**What is expected:**
Each line below should be retyped exactly, with no pictures.

Dataset entries
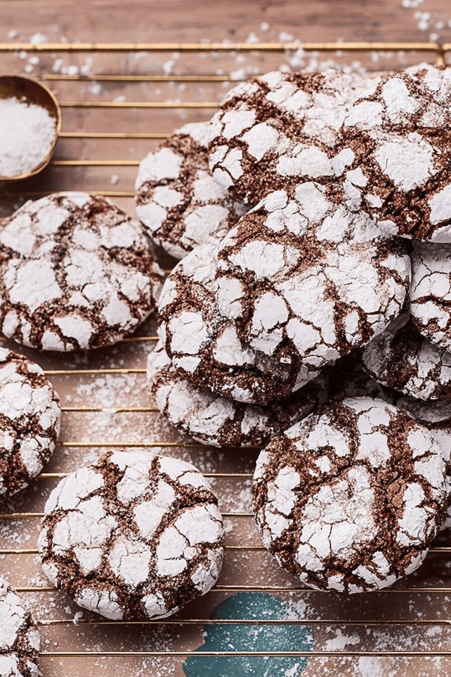 Peneirar cacau junto com farinha nunca falha. Já fiz várias variações até acertar o ponto de textura que não gruda demais nem seca. Trocar o óleo vegetal por óleo de coco deu uma aveludada inesperada, sem se tornar enjoativo. Descansar a massa transforma completamente – além de reidratar o cacau, a geladeira faz os ingredientes se assentarem e o resultado é crocante por fora, macio e levemente fudgento por dentro. Evito excesso de açúcar para não competir com o chocolate, então uso açúcar cristal para contraste e o açúcar de confeiteiro por cima para o efeito visual com as rachaduras brancas. Cada mordida é uma surpresa que vem da simplicidade e dos truques de paciência e sensação.
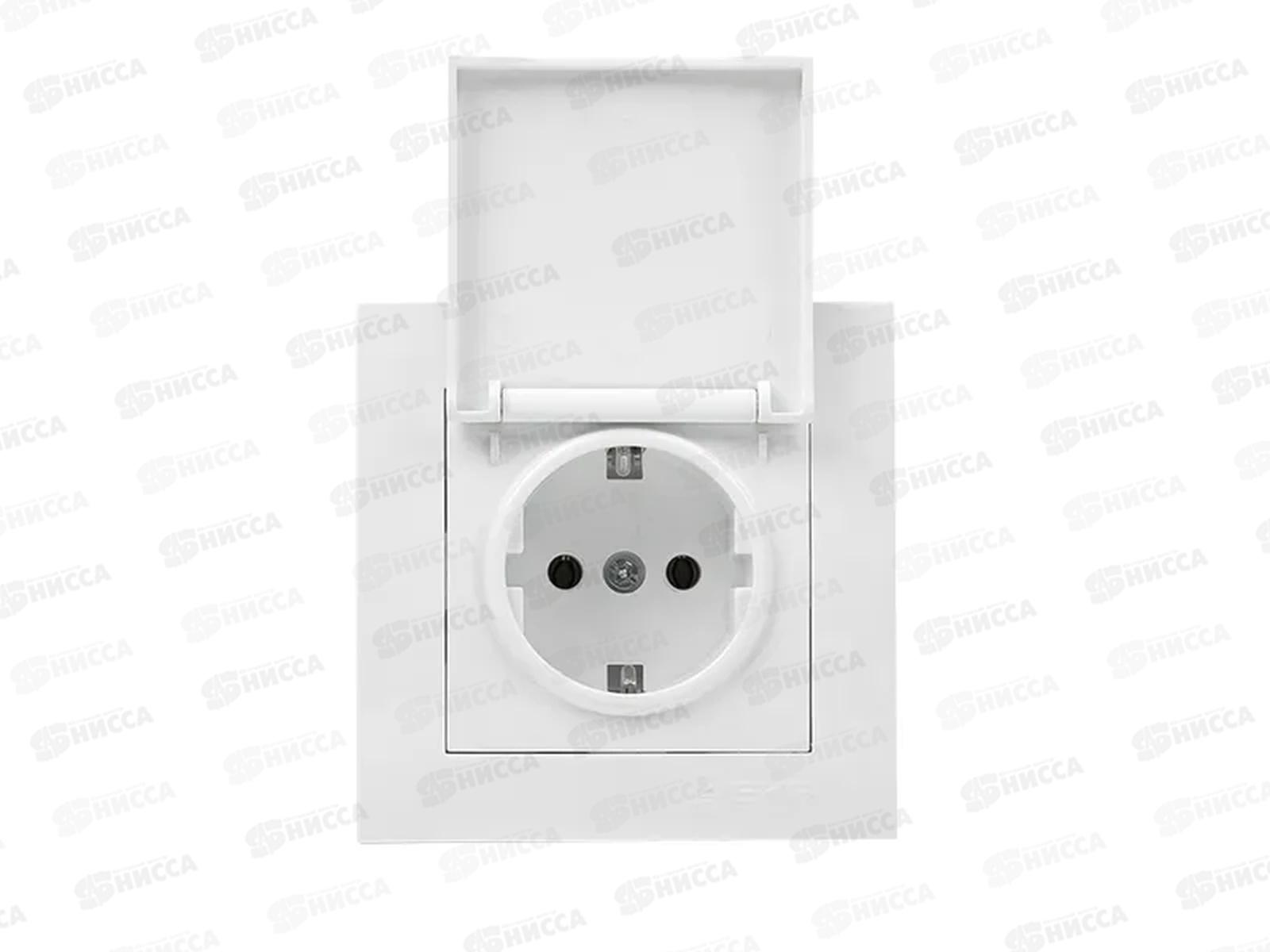 Код:593084; Розетка EKF Минск одинар. СП с заземлением с крышкой 16А белая EKF
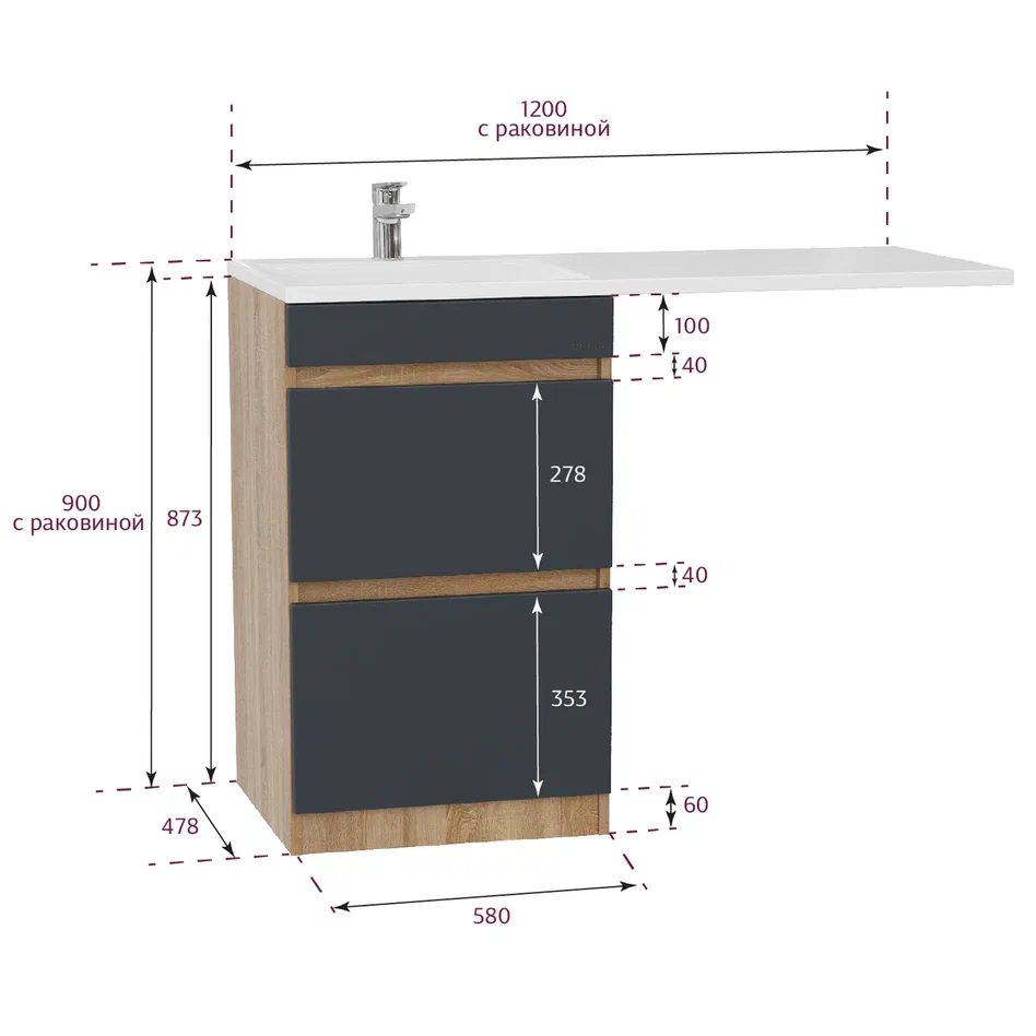 - Размеры тумбы без учета раковины 58х48х87 см.
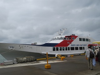 波の高さ1.5メートルの中を、高速フェリーあいびすは25ノット(約時速46キロ)でぶっとばし、佐渡まで約65分で到達します。予想より揺れたなと。大丈夫、乗り物は酔わないんだ。
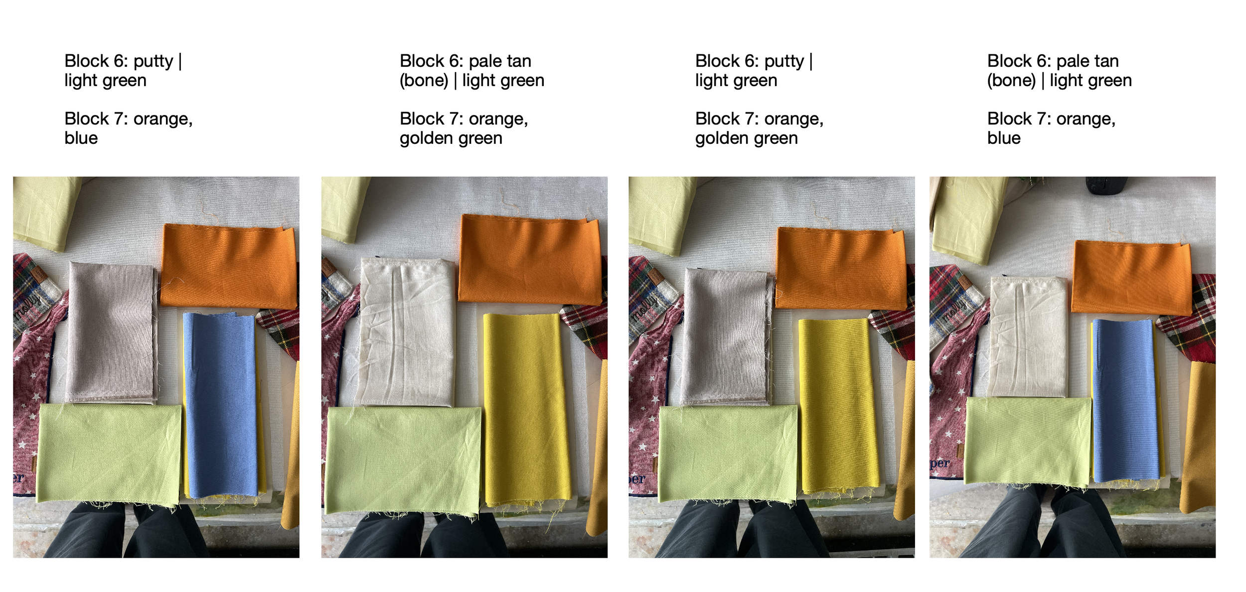With the hero bandanas in hand, and a couple hundred shades of solid cotton at the ready, I arranged fabrics atop paper templates (cut to scale) and documented my favorites.

**Answer below:**
 Peneirar cacau junto com farinha nunca falha. Já fiz várias variações até acertar o ponto de textura que não gruda demais nem seca. Trocar o óleo vegetal por óleo de coco deu uma aveludada inesperada, sem se tornar enjoativo. Descansar a massa transforma completamente – além de reidratar o cacau, a geladeira faz os ingredientes se assentarem e o resultado é crocante por fora, macio e levemente fudgento por dentro. Evito excesso de açúcar para não competir com o chocolate, então uso açúcar cristal para contraste e o açúcar de confeiteiro por cima para o efeito visual com as rachaduras brancas. Cada mordida é uma surpresa que vem da simplicidade e dos truques de paciência e sensação.
 Код:593084; Розетка EKF Минск одинар. СП с заземлением с крышкой 16А белая EKF
 - Размеры тумбы без учета раковины 58х48х87 см.
 波の高さ1.5メートルの中を、高速フェリーあいびすは25ノット(約時速46キロ)でぶっとばし、佐渡まで約65分で到達します。予想より揺れたなと。大丈夫、乗り物は酔わないんだ。
With the hero bandanas in hand, and a couple hundred shades of solid cotton at the ready, I arranged fabrics atop paper templates (cut to scale) and documented my favorites.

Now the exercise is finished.